The Foundation Trust sector, made up of 147 NHS organisations, including 83 acute hospitals, which have historically been more financially stable than the rest of the NHS, has gone into overall deficit for the first time.

Key waiting times targets for A&E, cancer treatment and routine operations were also missed by the sector as a whole in the first quarter of 2014/15.

The figures will increase pressure on the Government to increase funding for the health service, as a growing number of voices, from both outside and within the NHS, warn that a financial crisis is inevitable and that it would be impossible to “insulate patients” from the effects.

Influential think tanks the King’s Fund, the Nuffield Trust and the Health Foundation all expressed deep concern about the figures. Richard Murray, director of policy at the King’s Fund said: “Unless significant extra funding is found, patients will bear the cost as staff numbers are cut, waiting times rise and quality of care deteriorates.”

Anita Charlesworth, chief economist at the Health Foundation, said the NHS’s financial position was “dire” and warned the next Government “must do more than tweaks to policy and small injections of cash”.

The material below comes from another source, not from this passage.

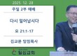 ilsim Contents 일심나눔터 공지사항 경조부 게시판 행사갤러리 새가족소개 섬김부서 유아부 유치부 유년부 초등부 학생부 청년부 남전도회 여전도회 예배설교 목사님설교 초청강사설교 특별영상 찬양 교회소개 교회비전 예배안내 섬기는이들 교회발자취 오시는길 목사님설교 목사님설교 > 예배설교 > Home 목사님설교 목록 Total 11건 1 페이지 11 영적 전쟁에서 이겨야 합니다 11 관리자 | 01-20 | (출 17:8-16) 8 그 때에 아말렉이 와서 이스라엘과 르비딤에서 싸우니라 9 모세가 여호수아에게 이르되 우리를 위하여 사람들을 택하여 나가서 아말렉과 싸우라 내일 … 10 신압의 집을 잘 지읍시다 10 관리자 | 01-06 | (고전 3:10-15) 10 내게 주신 하나님의 은혜를 따라 내가 지혜로운 건축자와 같이 터를 닦아 두매 다른 이가 그 위에 세우나 그러나 각각 어떻게 그 위에 세울까를 조심… 9 다시 일어납시다 9 관리자 | 12-30 | (요 21:1-17) 1 그 후에 예수께서 디베랴 호수에서 또 제자들에게 자기를 나타내셨으니 나타내신 일은 이러하니라 2 시몬 베드로와 디두모라 하는 도마와 갈릴리 가나… 8 왜 아멘 신앙을 가져야 하는가? 8 관리자 | 12-24 | (고후 1:19-20) 19 우리 곧 나와 실루아노와 디모데로 말미암아 너희 가운데 전파된 하나님의 아들 예수 그리스도는 예 하고 아니라 함이 되지 아니하셨으니 그에게는 예만… 7 히스기야처럼 기도의 사람이 됩시다 7 관리자 | 12-16 | (사 38:1-6) 1 그 때에 히스기야가 병들어 죽게 되니 1)아모스의 아들 선지자 이사야가 나아가 그에게 이르되 여호와께서 이같이 말씀하시기를 너는 네 집에 유언하라 네가… 6 더 이상 흔들리지 맙시다 6 관리자 | 12-09 | (시 16:1-8) 1 하나님이여 나를 지켜 주소서 내가 주께 피하나이다 2 내가 여호와께 아뢰되 주는 나의 주님이시오니 주 밖에는 나의 복이 없다 하였나이다 3 … 5 다 주 예수의 이름으로 하라 5 관리자 | 11-25 | (골 3:17) 17 또 무엇을 하든지 말에나 일에나 다 주 예수의 이름으로 하고 그를 힘입어 하나님 아버지께 감사하라 4 주님 때문에 감사함을 넘치게 합시다 4 관리자 | 11-19 | (골 2:6-7) 6 그러므로 너희가 그리스도 예수를 주로 받았으니 그 안에서 행하되 7 그 안에 뿌리를 박으며 세움을 받아 교훈을 받은 대로 믿음에 굳게 서서 감사함을… 3 지금도 하나님 말씀에는 능력이 있다 3 관리자 | 11-11 | (렘 23:29) 29 여호와의 말씀이니라 내 말이 불 같지 아니하냐 바위를 쳐서 부스러뜨리는 방망이 같지 아니하냐 2 하나님을 가까이 합시다 2 관리자 | 11-04 | (시 73:27-28) 27 무릇 주를 멀리하는 자는 망하리니 음녀 같이 주를 떠난 자를 주께서 다 멸하셨나이다 28 하나님께 가까이 함이 내게 복이라 내가 주 여호와를… 열린1페이지 2페이지 맨끝 게시물 검색 검색대상 제목 내용 제목+내용 회원아이디 회원아이디(코) 글쓴이 글쓴이(코) 검색어 필수

Monitor said that Foundation Trusts had treated almost 100,000 extra emergency patients between April and June 2014, with increases in non-emergency patient numbers also piling on pressure. Hospitals which were still trying to make costs savings had become over-reliant on expensive agency staff, the regulator said.

Dr Peter Carter, chief executive of the Royal College of Nursing, called the situation “really worrying”.

“These deficits have reached this level very fast, and it is impossible to insulate patients from the effects of these financial struggles,” he said.

However, officials at the Department of Health said that the NHS needed to get a grip on its finances.

“Delivering high quality services and balancing the books must go hand in hand and we expect Trusts to achieve this during the course of the financial year or there will be tough consequences,” a spokesperson said.